* Dataset section *
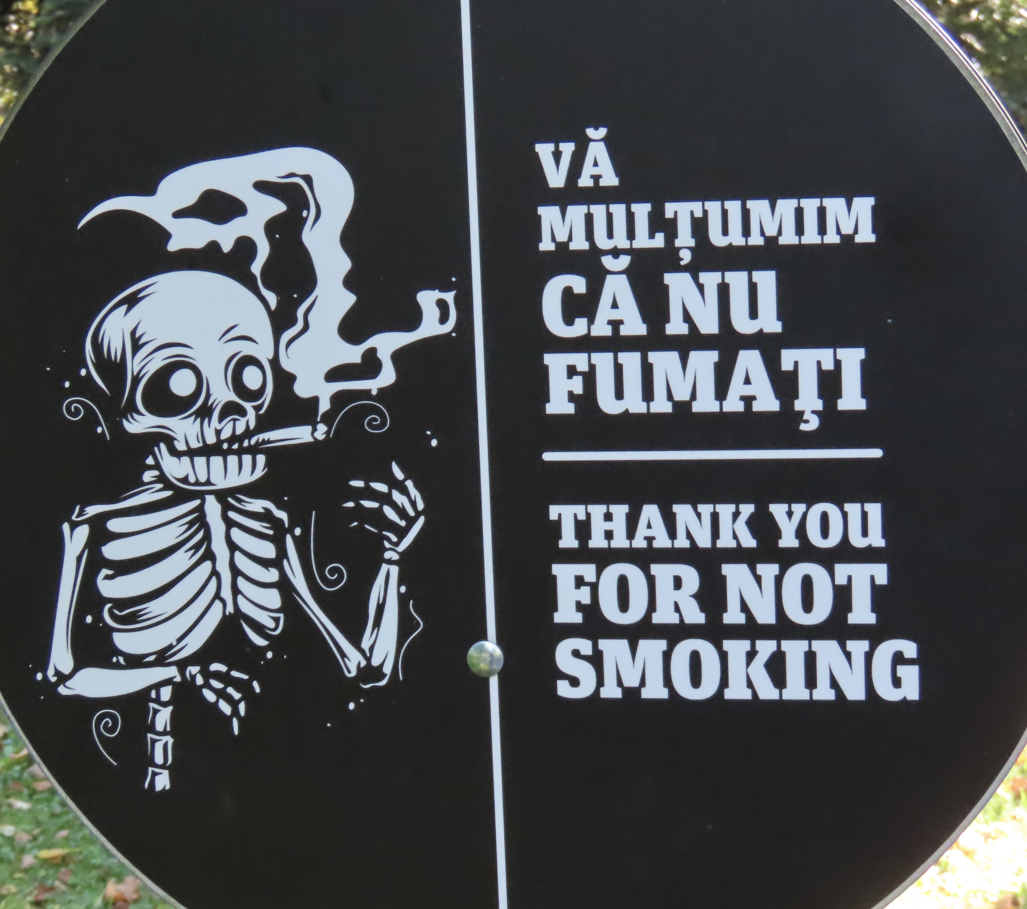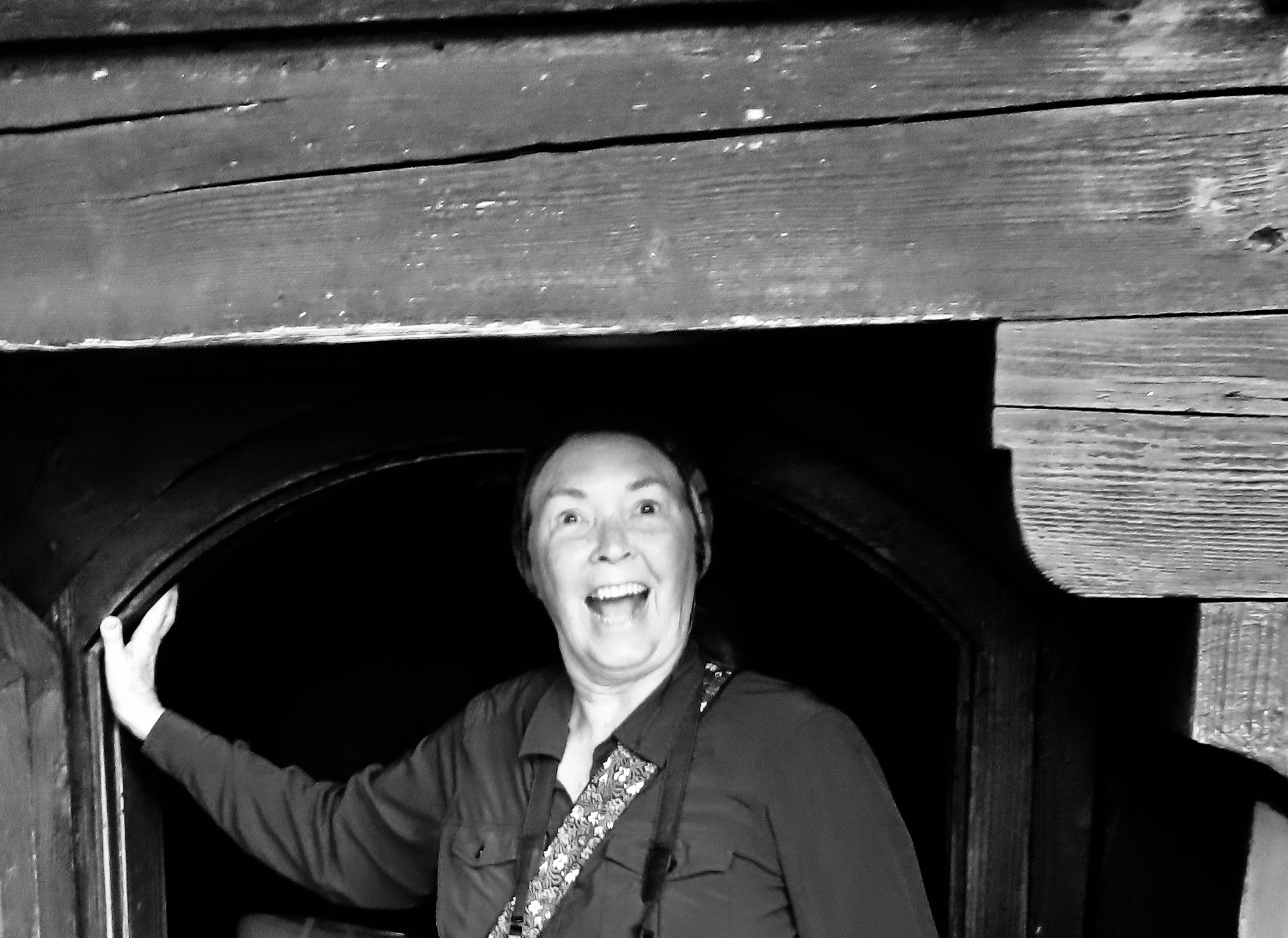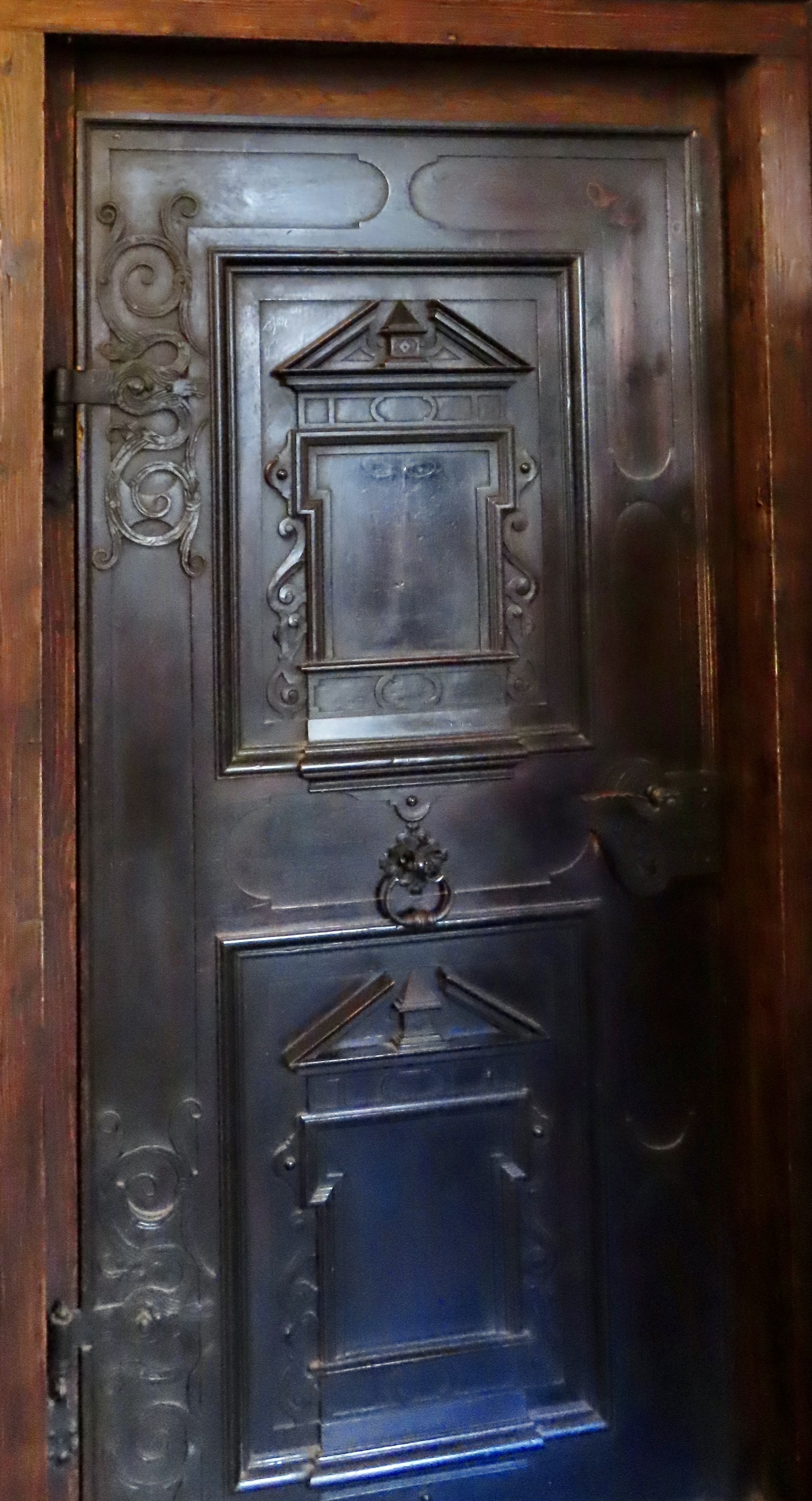 Peggy and I never expected to visit Dracula’s Castle in Transylvania but there it was on our Danube River trip itinerary. How could we resist? Halloween was only 2 1/2 weeks away.I felt right at home.There were even places for naps.And to sit.Or stand if you preferred…There was a danger of being tied up, however.And ghosts. This scary fellow was floating back and forth in a dark room, like a caged wild animal. Optical illusion? Perhaps…A wild lion with vampire sharp teeth peered out from a table…A lioness with frightening sliced eyes was hidden among scroll-like decorations.Looking closely, other evil creatures seemingly appeared out of nowhere, like this satan goat with dead eyes and his companion, a horned dragon.Even door knockers were threatening. “Beware!” rather than “Welcome” was the message. Monsters’ heads peered out from the medallion. Two snakes slithered out, wound around the knocker, and became a second set of massive horns on a cruel face with pursed lips.Strange metal doors invited opening. Dare we? What dark secrets does the room hide? Eyes stared out from the top panel. Halloween scary for sure.Peggy entered a dark room and came out screaming. Had her hair fallen out? (Our guide had hidden behind a curtain and jumped out yelling.)And there were lots of dark, narrow, ancient stairs to climb that led to mysterious heights. Was this damsel in distress wearing a nervous smile about to become Dracula’s latest victim? (We were traveling with Peggy’s brother John and his wife Frances. This is Frances negotiating the ‘dark, narrow stairs,’ with a smile.)Even the castle’s no-smoking sign had a bit of Halloween-type humor, which brings me to something much more scary than Bram Stoker’s Dracula, the real, historical Dracula, son of Dracul…Vlad the Impaler.
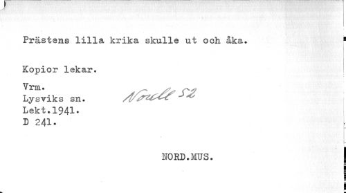 //// Prästens lilla krika skulle ut och åka. s //// Kopior lekar. //// Lysviks sn. /f/^U^ J ^ //// Lekt.1941. //// D 241. //// » //// . L //// I //// NORD-MUS. I //// ! ¦ //// i ////
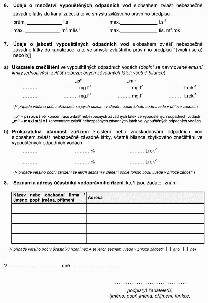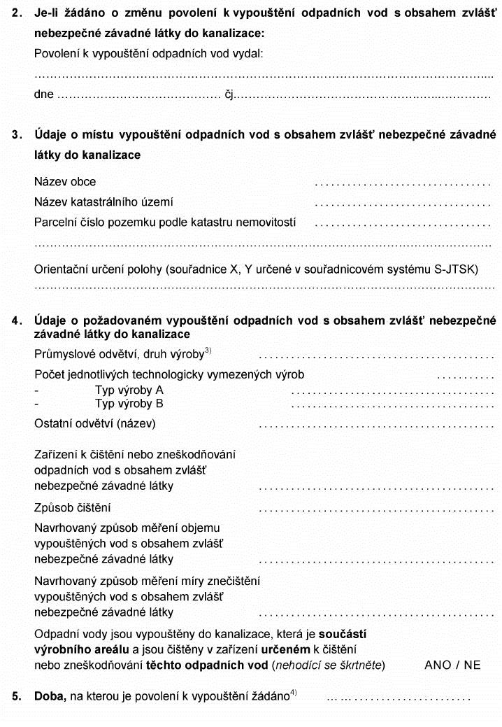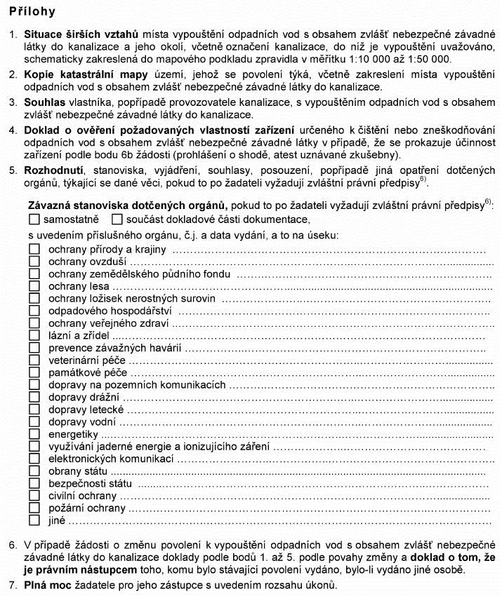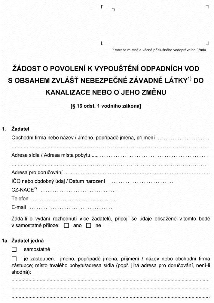 Právní předpisyŽÁDOST O POVOLENÍ K VYPOUŠTĚNÍ ODPADNÍCH VOD S OBSAHEM ZVLÁŠŤ NEBEZPEČNÉ ZÁVADNÉ LÁTKY1)

* Exercise objective *
Your task is to reproduce all of the material exactly. The pictures stay out.

* Solution to the exercise *
 Peggy and I never expected to visit Dracula’s Castle in Transylvania but there it was on our Danube River trip itinerary. How could we resist? Halloween was only 2 1/2 weeks away.I felt right at home.There were even places for naps.And to sit.Or stand if you preferred…There was a danger of being tied up, however.And ghosts. This scary fellow was floating back and forth in a dark room, like a caged wild animal. Optical illusion? Perhaps…A wild lion with vampire sharp teeth peered out from a table…A lioness with frightening sliced eyes was hidden among scroll-like decorations.Looking closely, other evil creatures seemingly appeared out of nowhere, like this satan goat with dead eyes and his companion, a horned dragon.Even door knockers were threatening. “Beware!” rather than “Welcome” was the message. Monsters’ heads peered out from the medallion. Two snakes slithered out, wound around the knocker, and became a second set of massive horns on a cruel face with pursed lips.Strange metal doors invited opening. Dare we? What dark secrets does the room hide? Eyes stared out from the top panel. Halloween scary for sure.Peggy entered a dark room and came out screaming. Had her hair fallen out? (Our guide had hidden behind a curtain and jumped out yelling.)And there were lots of dark, narrow, ancient stairs to climb that led to mysterious heights. Was this damsel in distress wearing a nervous smile about to become Dracula’s latest victim? (We were traveling with Peggy’s brother John and his wife Frances. This is Frances negotiating the ‘dark, narrow stairs,’ with a smile.)Even the castle’s no-smoking sign had a bit of Halloween-type humor, which brings me to something much more scary than Bram Stoker’s Dracula, the real, historical Dracula, son of Dracul…Vlad the Impaler.
 //// Prästens lilla krika skulle ut och åka. s //// Kopior lekar. //// Lysviks sn. /f/^U^ J ^ //// Lekt.1941. //// D 241. //// » //// . L //// I //// NORD-MUS. I //// ! ¦ //// i ////
 Právní předpisyŽÁDOST O POVOLENÍ K VYPOUŠTĚNÍ ODPADNÍCH VOD S OBSAHEM ZVLÁŠŤ NEBEZPEČNÉ ZÁVADNÉ LÁTKY1)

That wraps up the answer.